If your Lambda function depends on external libraries such as AWS X-Ray SDK, database clients etc. you need to install the packages with the code and zip it all up.

  • For Node.js use npm & “node modules” directory.
  • For Python use pip — target options.
  • For Java include the relevant .jar files.

Upload the zip file straight to Lambda if it’s less than 50MB, otherwise upload to S3.

Native libraries work they need to be compiled on Amazon Linux.

AWS SDK comes with every Lambda function by default.

Concurrent executions

Managing Concurrency

The first time you invoke your function, AWS Lambda creates an instance of the function and runs its handler method to process the event. When the function returns a response, it stays active and waits to process additional events. If you invoke the function again while the first event is being processed, Lambda initializes another instance, and the function processes the two events concurrently.

AWS Lambda Concurrent Executions

Your functions’ concurrency is the number of instances that serve requests at a given time.
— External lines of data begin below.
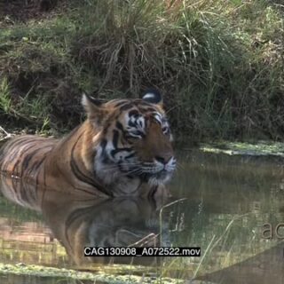 Tiger resting inside pond looking around MLS ZI MS
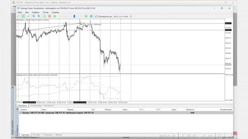 В этом видео запустим робота со стратегией одноногого арбитража в торговлю на пару Эфир и Биткоин и смотрим его результаты за 2025 год.
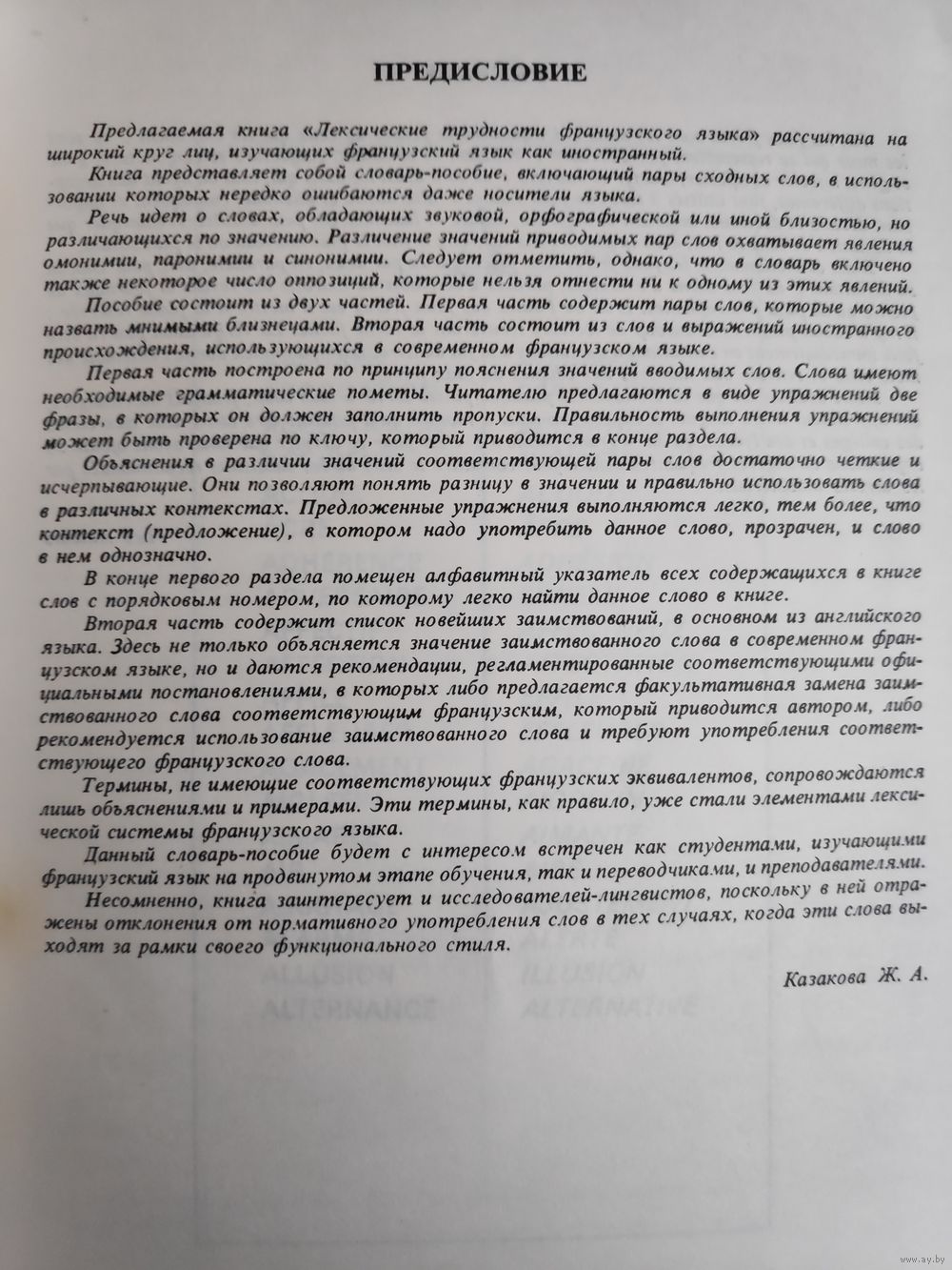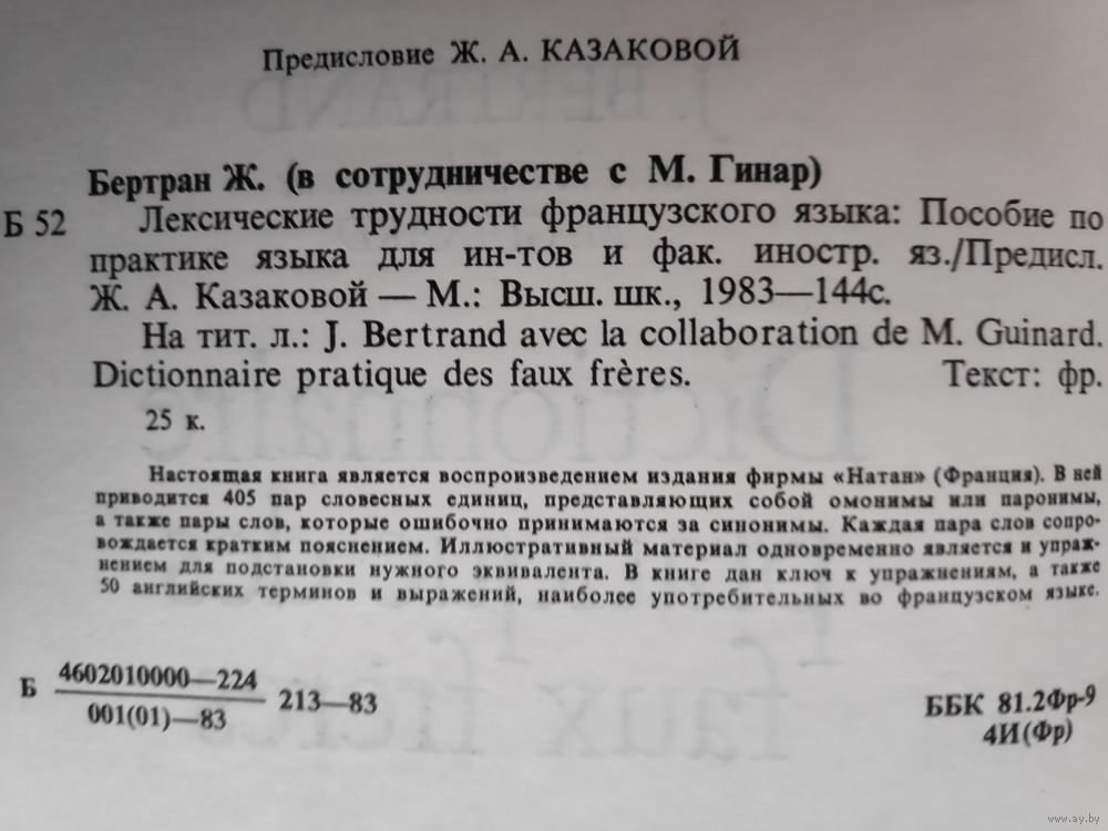 Настоящая книга является воспроизведением издания фирмы «Натан» (Франция). В ней приводится 405 пар словесных единиц, представляющих собой омонимы или паронимы, а также пары слов, которые ошибочно принимаются за синонимы. Каждая пара слов сопровождается кратким пояснением. Иллюстративный материал одновременно является и упражнением для подстановки нужного эквивалента. В книге дан ключ к упражнениям, а также 50 английских терминов и выражений, наиболее употребительных во французском языке.

For an initial burst of traffic, your functions’ cumulative concurrency in a Region can reach an initial level of between 500 and 3000, which varies per Region.

Burst Concurrency Limits:

  • 3000 – US West (Oregon), US East (N. Virginia), Europe (Ireland).
  • 1000 – Asia Pacific (Tokyo), Europe (Frankfurt).
  • 500 – Other Regions.

After the initial burst, your functions’ concurrency can scale by an additional 500 instances each minute. This continues until there are enough instances to serve all requests, or until a concurrency limit is reached.

The default account limit is up to 1000 executions per second, per region (can be increased).

This is a safety feature to limit the number of concurrent executions across all functions in each region per account.

Each invocation over the concurrency limit will trigger a throttle.

TooManyRequestsExeception may be experienced if the concurrent execution limit is exceeded.

You may receive a HTTP status code: 429 and the message is “Request throughput limit exceeded”.

Throttle behavior:

  • For synchronous invocations returns throttle error 429.
  • For asynchronous invocations retries automatically (twice) then goes to a Dead Letter Queue (DLQ).

A DLQ can be an SNS topic or SQS queue.

The original event payload is sent to the DLQ.

The Lambda function needs an IAM role with permissions to SNS / SQS.

Lambda also integrates with X-Ray for debugging.

  • Can trace Lambda with X-Ray.
  • Need to enable in the Lambda configuration and it will run the X-Ray daemon.
  • Use AWS SDK in your code.

Reserved Concurrency

You can set a reserved concurrency at the function level to guarantee a set number of concurrent executions will be available for a critical function.

You can reserve up to the Unreserved account concurrency value that is shown in the console, minus 100 for functions that don’t have reserved concurrency.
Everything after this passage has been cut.